Researchers frequently use the Agent Persona Instrument (Ryu & Baylor, 2005) to measure learners' perceptions of a virtual human. Specifically, the API has four subscales that measure perceptions of how humanlike, credible, and engaging the virtual human was, and how well it facilitated learning. Craig and Schroeder (2017) found that the human voice and the modern text-to-speech engine both outperformed the older text-to-speech engine on the measures of credibility and facilitated learning. There was not a significant difference between the modern text-to-speech voice and the human voice in terms of credibility and facilitated learning. However, as may be expected, the human voice outperformed the two text-to-speech voices on measures of human-likeness and engaging.

Recently, Schroeder, Romine, and Craig (2017) conducted a path analysis examining the influence of the API subscales on each other and on learning outcomes. Their results showed that while the API subscales significantly influenced each other, they did not significantly influence learning. Moreover, Author conducted confirmatory factor analysis and Rasch analysis on the API. Results showed that while the instrument performed well overall, there were a few items that may benefit from modification. Accordingly, Schroeder, Yang, Banerjee, Romine, and Craig (2018) revised the API into an instrument they called the API-R. Their confirmatory factor analysis confirmed the factor structure of the instrument; subsequent cluster analyses and regression showed that API-R subscales had a small effect on learning. They concluded that in order to understand what perceptions may influence learning with virtual humans, researchers may need to look outside of the API-R. Their conclusion, in part, helped inspire this study investigating learners' trust in the virtual human.

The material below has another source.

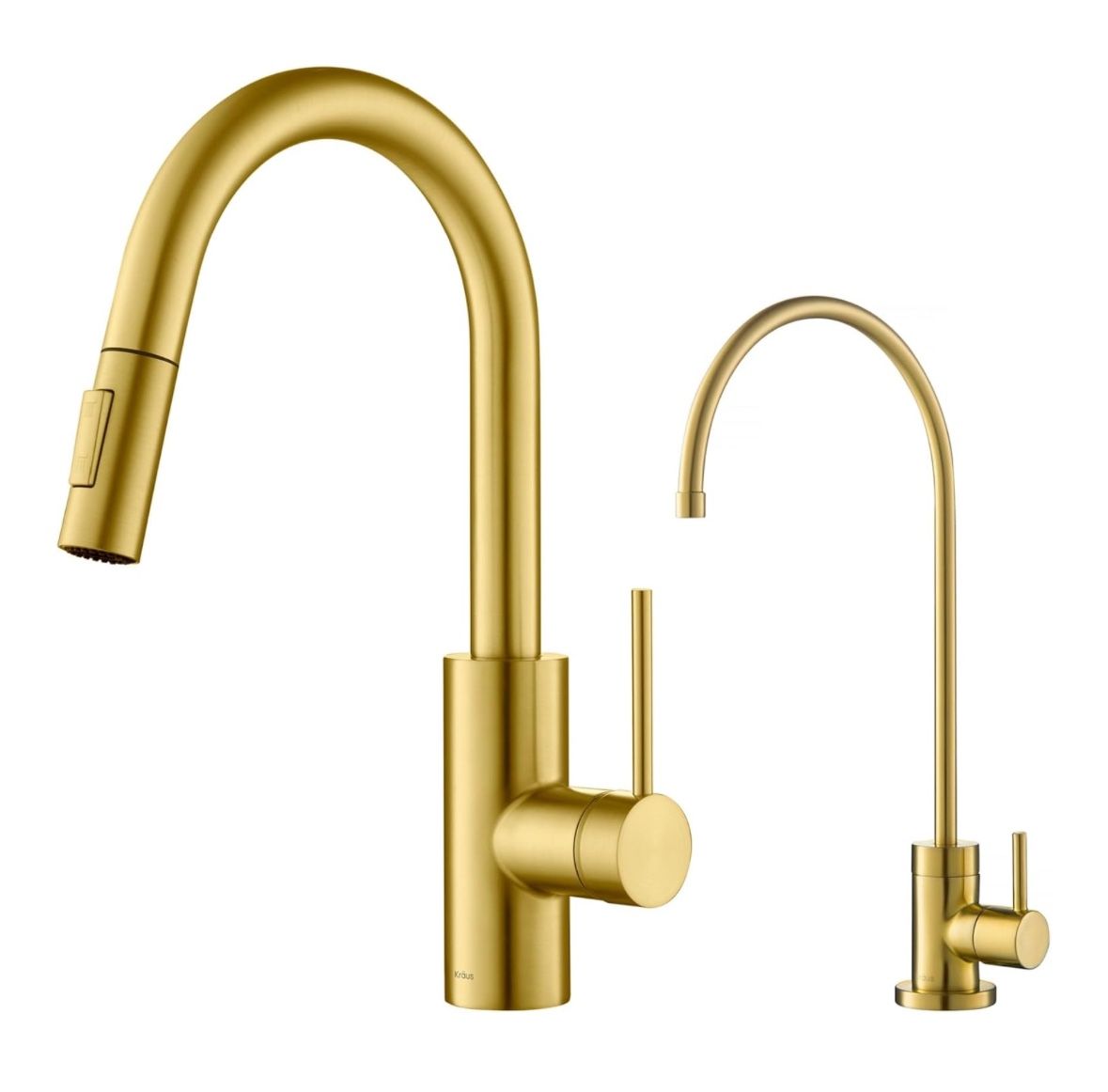 KRAUS Oletto Pull-Down Kitchen Faucet and Purita Water Filter Faucet Combo in Brushed Brass, KPF-2620-FF-100BB Brushed Bronze Pull Down & Filter Fauce

Trust has long been recognized as an important facilitator of interactions, transactions, agreements, and exchanges between people, and in the past four decades has become a well-studied concept in human-technology interaction. In the late 1980's and 1990's, trust gained traction in the applied sciences alongside advances in automation, and was investigated more directly in the context of human-technology interaction with the goal of improving technology design (Muir, 1987, 1994; Muir & Moray, 1996).

Several trust scales were subsequently developed to measure a person's trust in technology through self-report (to name a few: Komiak & Benbasat, 2004; Jian, Bisantz, & Drury, 2000; Madsen & Gregor, 2000; Moore & Benbasat, 1991). The expectation was that these scales could capture people's perceptions of technology, perceptions that might predict behaviors with technology (e.g., technology acceptance, adoption, and use), and in many cases, predictors of human-technology performance.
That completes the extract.